(PROBLEM TO WORK ON) The line holding "Get ready to" is the last one to output; start at the first line of the data, keep every line in between exactly, and leave out pictures.

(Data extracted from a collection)
+++
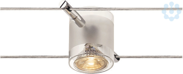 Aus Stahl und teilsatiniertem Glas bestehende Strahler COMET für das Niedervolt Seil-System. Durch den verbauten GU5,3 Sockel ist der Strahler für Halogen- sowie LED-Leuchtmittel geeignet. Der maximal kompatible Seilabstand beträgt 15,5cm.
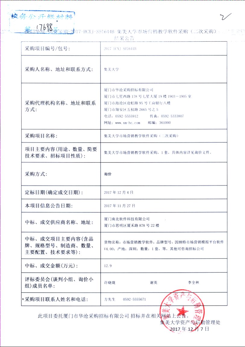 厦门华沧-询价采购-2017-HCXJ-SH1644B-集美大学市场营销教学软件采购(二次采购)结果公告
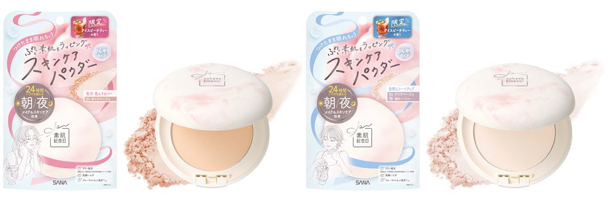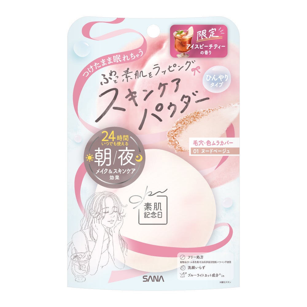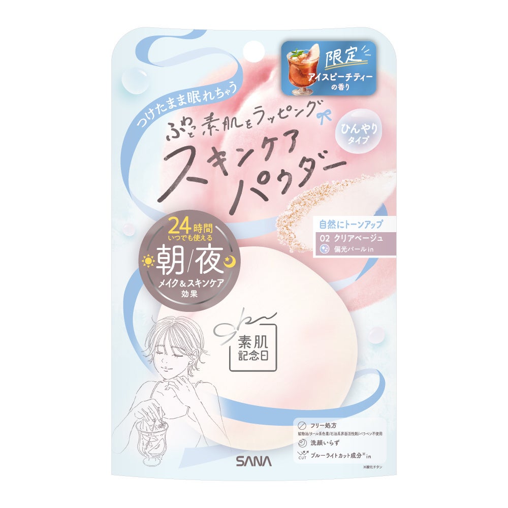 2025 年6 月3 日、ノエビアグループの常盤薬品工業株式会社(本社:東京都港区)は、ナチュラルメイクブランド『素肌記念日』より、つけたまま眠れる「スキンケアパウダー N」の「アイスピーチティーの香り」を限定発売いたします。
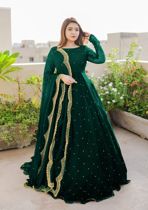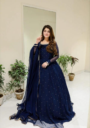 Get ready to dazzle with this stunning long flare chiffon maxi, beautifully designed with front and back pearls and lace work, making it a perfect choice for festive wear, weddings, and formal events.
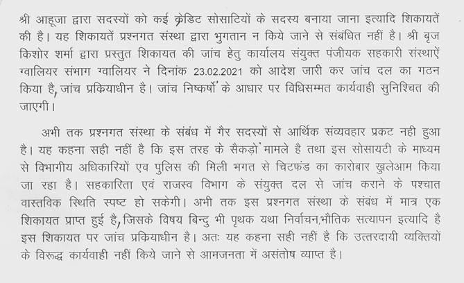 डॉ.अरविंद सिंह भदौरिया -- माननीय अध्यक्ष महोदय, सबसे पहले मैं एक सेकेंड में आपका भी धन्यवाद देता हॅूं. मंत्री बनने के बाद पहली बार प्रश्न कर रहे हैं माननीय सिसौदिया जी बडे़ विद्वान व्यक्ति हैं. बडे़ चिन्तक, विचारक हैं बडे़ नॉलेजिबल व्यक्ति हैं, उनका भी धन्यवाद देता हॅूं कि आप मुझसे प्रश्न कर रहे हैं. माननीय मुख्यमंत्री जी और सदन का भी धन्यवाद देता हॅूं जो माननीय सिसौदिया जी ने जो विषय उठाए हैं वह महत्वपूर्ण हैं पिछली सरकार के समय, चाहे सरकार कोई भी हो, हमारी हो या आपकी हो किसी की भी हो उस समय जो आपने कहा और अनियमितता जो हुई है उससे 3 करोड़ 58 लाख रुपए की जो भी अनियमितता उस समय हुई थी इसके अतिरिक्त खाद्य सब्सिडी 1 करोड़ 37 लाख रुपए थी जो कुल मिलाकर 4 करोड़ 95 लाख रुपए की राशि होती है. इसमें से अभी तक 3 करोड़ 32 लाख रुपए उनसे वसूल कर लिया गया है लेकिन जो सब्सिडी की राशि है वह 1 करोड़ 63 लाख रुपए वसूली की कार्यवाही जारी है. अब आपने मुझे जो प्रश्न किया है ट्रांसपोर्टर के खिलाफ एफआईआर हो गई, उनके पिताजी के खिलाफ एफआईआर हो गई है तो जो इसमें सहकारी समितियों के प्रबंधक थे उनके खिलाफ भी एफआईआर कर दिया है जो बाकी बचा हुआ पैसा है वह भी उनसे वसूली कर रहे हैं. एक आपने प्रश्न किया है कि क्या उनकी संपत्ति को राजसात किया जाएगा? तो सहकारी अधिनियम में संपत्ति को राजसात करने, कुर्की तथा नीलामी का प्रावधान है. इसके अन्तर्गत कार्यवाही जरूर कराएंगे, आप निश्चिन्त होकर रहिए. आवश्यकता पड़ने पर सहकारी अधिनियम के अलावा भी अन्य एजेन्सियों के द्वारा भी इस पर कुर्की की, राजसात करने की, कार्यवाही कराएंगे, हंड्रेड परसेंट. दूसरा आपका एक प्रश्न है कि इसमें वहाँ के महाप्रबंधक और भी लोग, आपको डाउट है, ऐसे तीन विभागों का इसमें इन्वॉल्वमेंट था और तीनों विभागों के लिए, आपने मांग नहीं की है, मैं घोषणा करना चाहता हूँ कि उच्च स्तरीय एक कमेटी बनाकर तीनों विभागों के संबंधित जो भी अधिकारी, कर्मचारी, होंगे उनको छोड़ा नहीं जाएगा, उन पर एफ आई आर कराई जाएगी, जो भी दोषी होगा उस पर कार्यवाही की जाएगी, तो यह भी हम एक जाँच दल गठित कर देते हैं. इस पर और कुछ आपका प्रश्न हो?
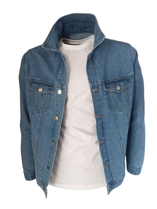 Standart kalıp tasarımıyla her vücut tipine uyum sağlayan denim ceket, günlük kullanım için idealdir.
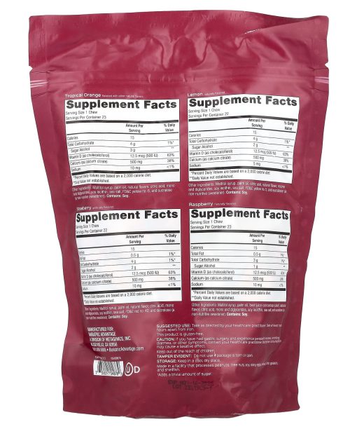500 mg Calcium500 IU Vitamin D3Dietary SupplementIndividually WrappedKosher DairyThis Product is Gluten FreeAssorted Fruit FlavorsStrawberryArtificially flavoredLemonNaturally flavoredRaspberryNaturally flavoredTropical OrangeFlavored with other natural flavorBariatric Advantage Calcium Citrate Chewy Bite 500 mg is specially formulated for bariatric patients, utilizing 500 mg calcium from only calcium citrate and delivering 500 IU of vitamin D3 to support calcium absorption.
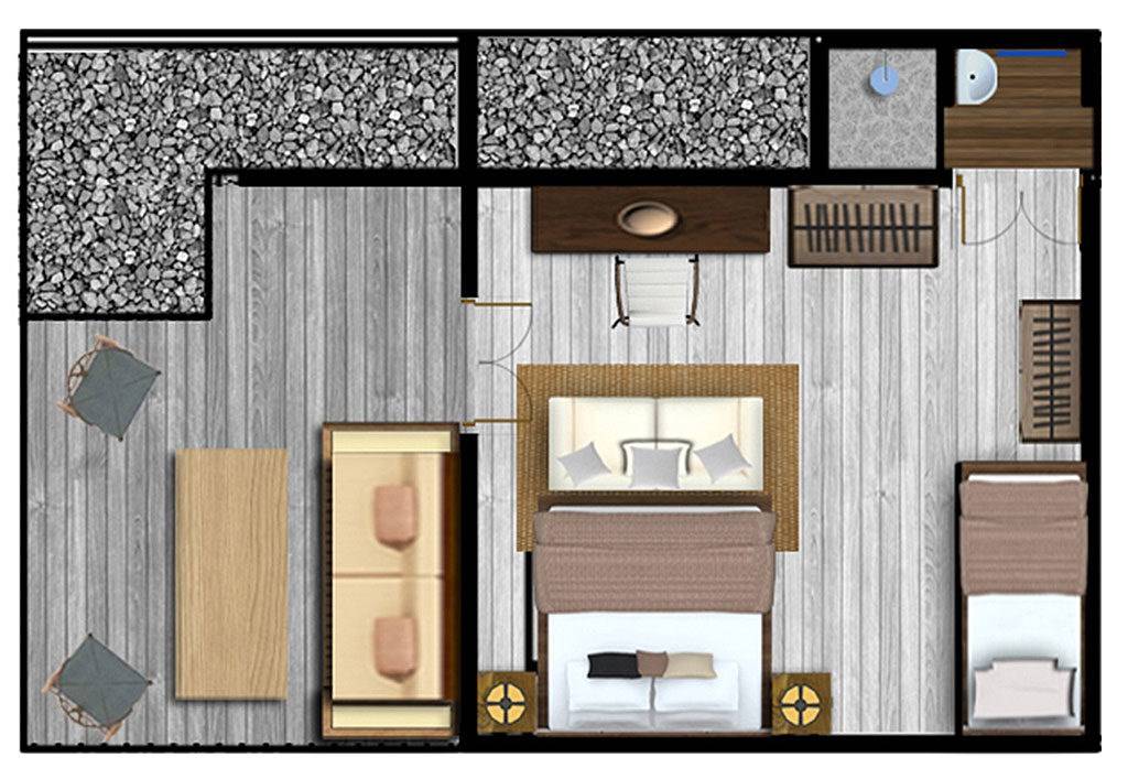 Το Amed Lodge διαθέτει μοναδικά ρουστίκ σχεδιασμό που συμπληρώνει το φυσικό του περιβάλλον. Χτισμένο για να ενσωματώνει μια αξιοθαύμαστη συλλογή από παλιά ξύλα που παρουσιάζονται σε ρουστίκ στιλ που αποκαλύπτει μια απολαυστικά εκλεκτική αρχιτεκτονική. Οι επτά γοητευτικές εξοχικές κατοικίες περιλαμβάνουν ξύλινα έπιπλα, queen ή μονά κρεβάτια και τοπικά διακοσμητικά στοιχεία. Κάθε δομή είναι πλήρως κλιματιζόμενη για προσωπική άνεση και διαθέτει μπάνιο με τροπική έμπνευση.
+++
(EXERCISE OUTPUT)
 Aus Stahl und teilsatiniertem Glas bestehende Strahler COMET für das Niedervolt Seil-System. Durch den verbauten GU5,3 Sockel ist der Strahler für Halogen- sowie LED-Leuchtmittel geeignet. Der maximal kompatible Seilabstand beträgt 15,5cm.
 厦门华沧-询价采购-2017-HCXJ-SH1644B-集美大学市场营销教学软件采购(二次采购)结果公告
 2025 年6 月3 日、ノエビアグループの常盤薬品工業株式会社(本社:東京都港区)は、ナチュラルメイクブランド『素肌記念日』より、つけたまま眠れる「スキンケアパウダー N」の「アイスピーチティーの香り」を限定発売いたします。
 Get ready to dazzle with this stunning long flare chiffon maxi, beautifully designed with front and back pearls and lace work, making it a perfect choice for festive wear, weddings, and formal events.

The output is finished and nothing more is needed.